Below are records with pictures; copy word for word only the lines between the line with "Mountain Hiker Isolated" and the line with "Locals pictured outside", inclusive, and drop the pictures.

§ AVAILABLE RECORDS
--
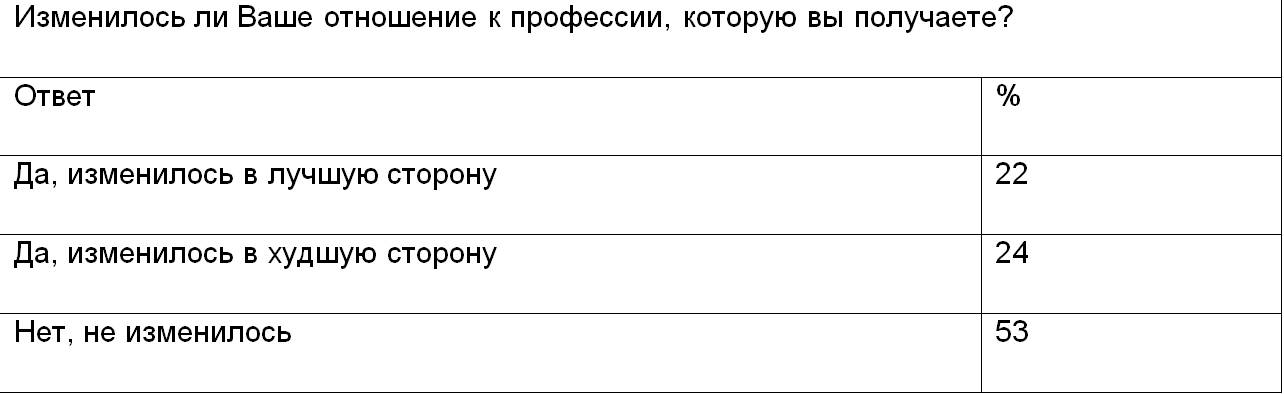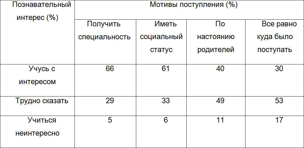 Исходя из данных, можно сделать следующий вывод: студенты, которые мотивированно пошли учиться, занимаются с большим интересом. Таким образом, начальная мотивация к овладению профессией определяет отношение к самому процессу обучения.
--
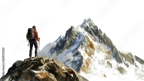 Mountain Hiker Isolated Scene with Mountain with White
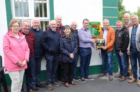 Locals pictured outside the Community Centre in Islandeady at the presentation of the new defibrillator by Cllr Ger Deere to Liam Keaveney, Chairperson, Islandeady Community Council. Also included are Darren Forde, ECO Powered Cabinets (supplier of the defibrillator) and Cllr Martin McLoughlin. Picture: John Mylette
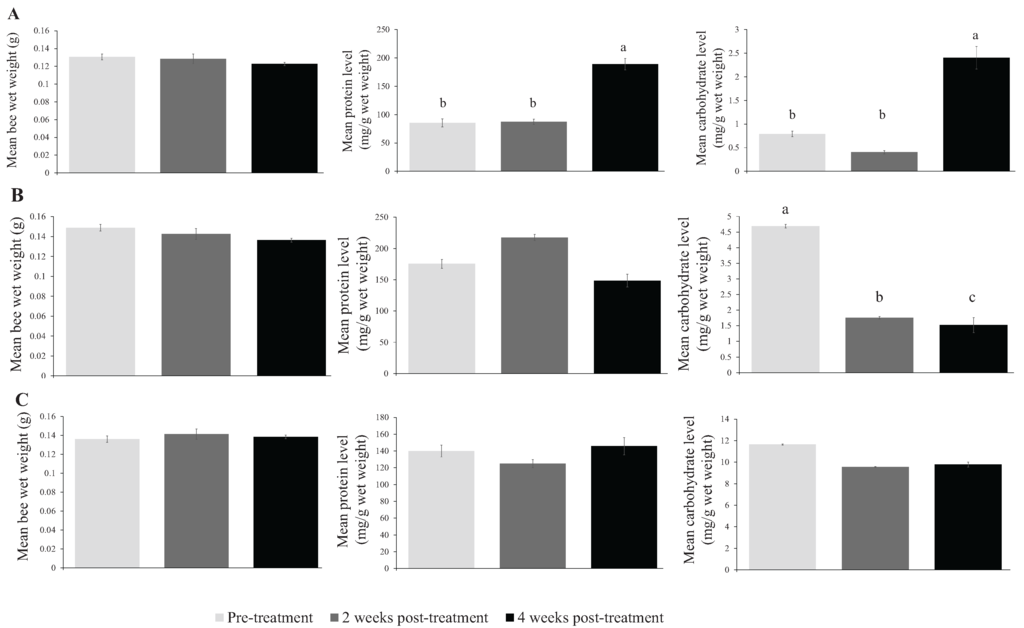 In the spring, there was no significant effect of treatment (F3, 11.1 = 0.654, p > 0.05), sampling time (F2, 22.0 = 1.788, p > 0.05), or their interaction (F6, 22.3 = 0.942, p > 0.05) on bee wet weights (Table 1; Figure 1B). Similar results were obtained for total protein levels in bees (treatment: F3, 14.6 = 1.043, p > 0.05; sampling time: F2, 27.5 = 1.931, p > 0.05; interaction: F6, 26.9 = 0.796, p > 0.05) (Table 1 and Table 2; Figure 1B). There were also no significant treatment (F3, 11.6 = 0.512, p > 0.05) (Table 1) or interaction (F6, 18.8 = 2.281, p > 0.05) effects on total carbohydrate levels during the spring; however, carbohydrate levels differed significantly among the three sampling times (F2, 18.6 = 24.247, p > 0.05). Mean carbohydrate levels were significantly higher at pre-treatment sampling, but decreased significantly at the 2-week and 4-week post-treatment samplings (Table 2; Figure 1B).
--
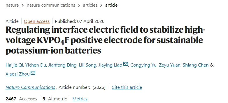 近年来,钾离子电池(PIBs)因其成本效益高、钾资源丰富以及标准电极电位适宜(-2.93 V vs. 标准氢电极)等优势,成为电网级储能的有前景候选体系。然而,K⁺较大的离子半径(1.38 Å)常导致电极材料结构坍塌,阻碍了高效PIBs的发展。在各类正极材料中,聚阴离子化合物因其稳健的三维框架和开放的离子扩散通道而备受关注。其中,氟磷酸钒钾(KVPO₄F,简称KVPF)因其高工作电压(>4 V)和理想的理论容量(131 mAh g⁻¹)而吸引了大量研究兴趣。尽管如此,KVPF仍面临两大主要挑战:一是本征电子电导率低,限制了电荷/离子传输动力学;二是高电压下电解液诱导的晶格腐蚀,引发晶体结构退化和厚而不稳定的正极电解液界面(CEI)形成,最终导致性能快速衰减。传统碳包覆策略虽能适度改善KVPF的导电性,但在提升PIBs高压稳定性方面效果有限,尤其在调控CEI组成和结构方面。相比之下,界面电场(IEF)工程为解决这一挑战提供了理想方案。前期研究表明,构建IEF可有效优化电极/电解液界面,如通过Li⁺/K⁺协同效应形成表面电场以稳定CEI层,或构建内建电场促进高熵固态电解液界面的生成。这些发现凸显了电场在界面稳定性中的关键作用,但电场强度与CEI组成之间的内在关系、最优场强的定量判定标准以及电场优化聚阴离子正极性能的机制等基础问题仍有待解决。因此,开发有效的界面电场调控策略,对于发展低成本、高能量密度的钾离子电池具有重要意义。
--
§ PROBLEM SOLUTION
 Mountain Hiker Isolated Scene with Mountain with White
 Locals pictured outside the Community Centre in Islandeady at the presentation of the new defibrillator by Cllr Ger Deere to Liam Keaveney, Chairperson, Islandeady Community Council. Also included are Darren Forde, ECO Powered Cabinets (supplier of the defibrillator) and Cllr Martin McLoughlin. Picture: John Mylette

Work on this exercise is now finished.